From the listing below, please restate exactly the lines beginning at the one with "Example of trend" and ending at the one with "我们先来看GAN想做一件什么", both included, and skip the pictures.

| Raw data |
|---|

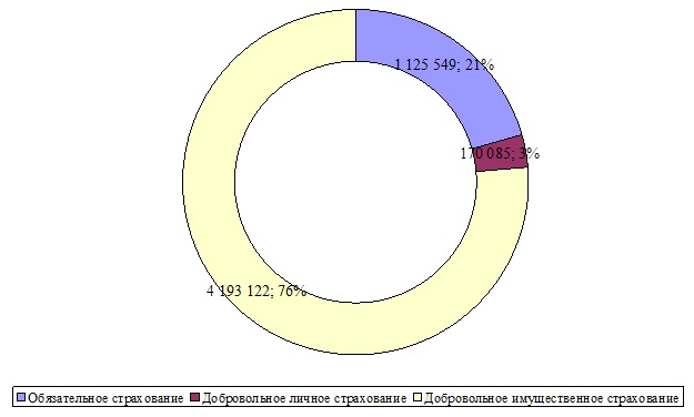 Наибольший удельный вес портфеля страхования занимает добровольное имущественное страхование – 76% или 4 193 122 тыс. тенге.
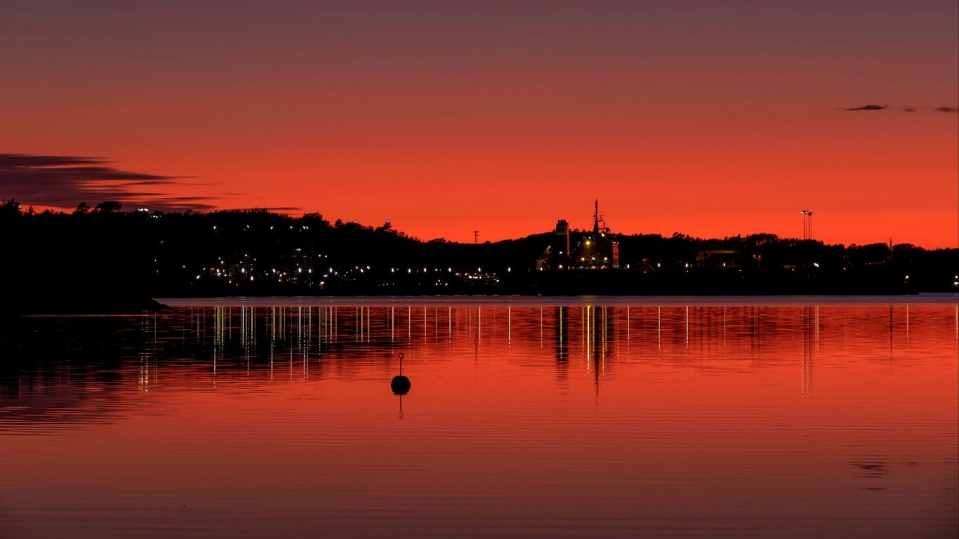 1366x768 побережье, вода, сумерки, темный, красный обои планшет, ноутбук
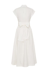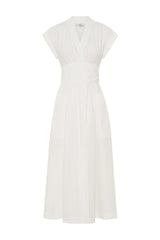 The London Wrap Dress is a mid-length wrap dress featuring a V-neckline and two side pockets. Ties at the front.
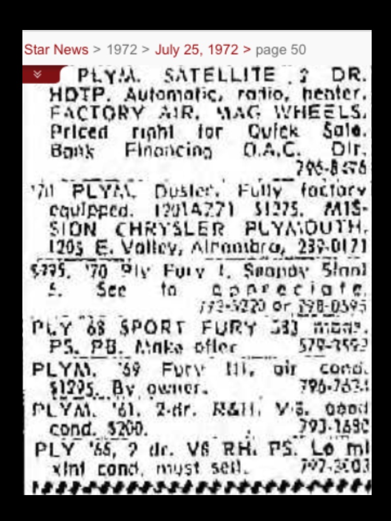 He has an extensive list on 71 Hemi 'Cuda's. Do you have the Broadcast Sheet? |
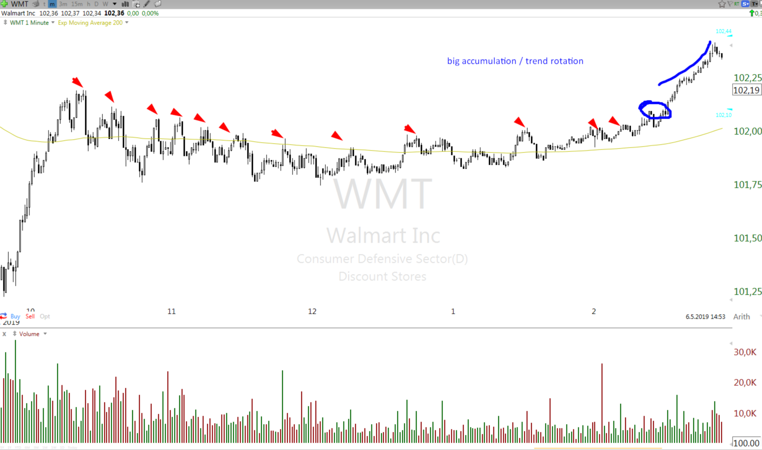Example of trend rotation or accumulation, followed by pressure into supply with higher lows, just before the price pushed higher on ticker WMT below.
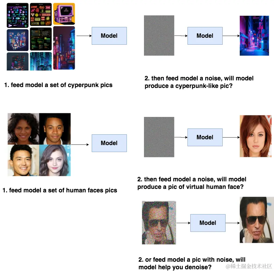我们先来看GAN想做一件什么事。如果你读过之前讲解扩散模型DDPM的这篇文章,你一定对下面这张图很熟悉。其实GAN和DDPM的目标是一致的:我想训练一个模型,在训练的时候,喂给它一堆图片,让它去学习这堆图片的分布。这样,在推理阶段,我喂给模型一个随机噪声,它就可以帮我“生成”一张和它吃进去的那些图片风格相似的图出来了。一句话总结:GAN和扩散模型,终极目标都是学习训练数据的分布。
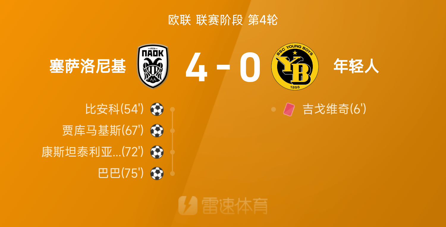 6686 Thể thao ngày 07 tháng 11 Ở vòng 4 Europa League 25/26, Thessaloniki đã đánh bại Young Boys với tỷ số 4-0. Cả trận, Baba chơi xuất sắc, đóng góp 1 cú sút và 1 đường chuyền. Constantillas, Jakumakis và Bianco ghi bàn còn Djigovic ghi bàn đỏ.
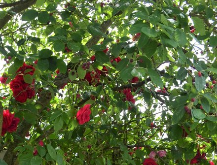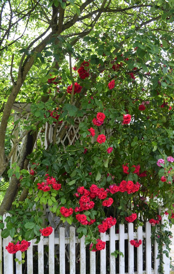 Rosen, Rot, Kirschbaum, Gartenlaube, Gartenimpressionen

|---|

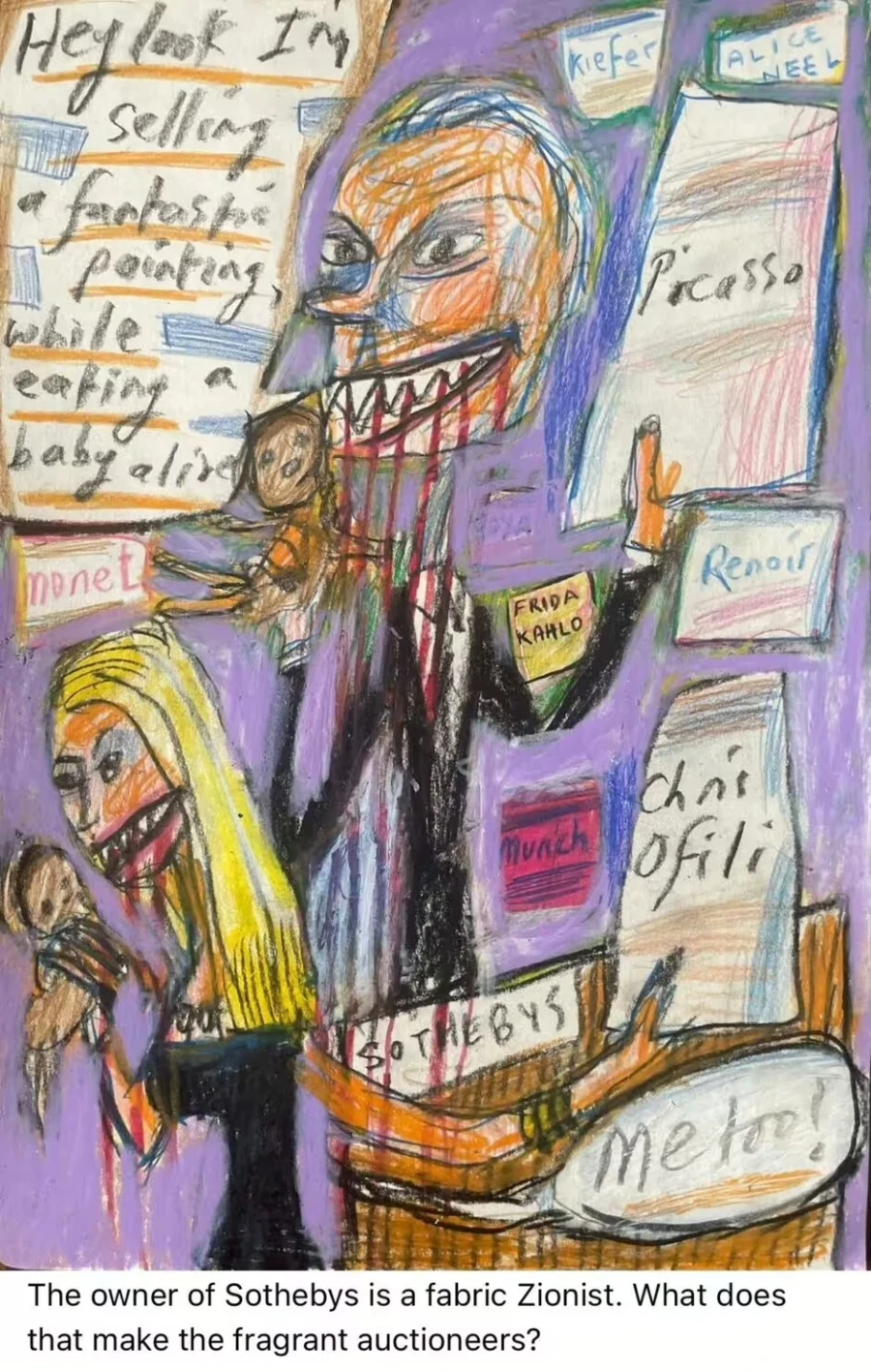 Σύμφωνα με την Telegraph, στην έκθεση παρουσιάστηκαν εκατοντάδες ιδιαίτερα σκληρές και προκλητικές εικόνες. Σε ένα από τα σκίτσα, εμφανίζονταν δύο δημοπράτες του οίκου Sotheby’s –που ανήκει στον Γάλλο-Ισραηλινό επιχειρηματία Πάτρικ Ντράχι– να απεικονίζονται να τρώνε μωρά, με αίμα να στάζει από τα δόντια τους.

|---|

| Answer box |
Example of trend rotation or accumulation, followed by pressure into supply with higher lows, just before the price pushed higher on ticker WMT below.
我们先来看GAN想做一件什么事。如果你读过之前讲解扩散模型DDPM的这篇文章,你一定对下面这张图很熟悉。其实GAN和DDPM的目标是一致的:我想训练一个模型,在训练的时候,喂给它一堆图片,让它去学习这堆图片的分布。这样,在推理阶段,我喂给模型一个随机噪声,它就可以帮我“生成”一张和它吃进去的那些图片风格相似的图出来了。一句话总结:GAN和扩散模型,终极目标都是学习训练数据的分布。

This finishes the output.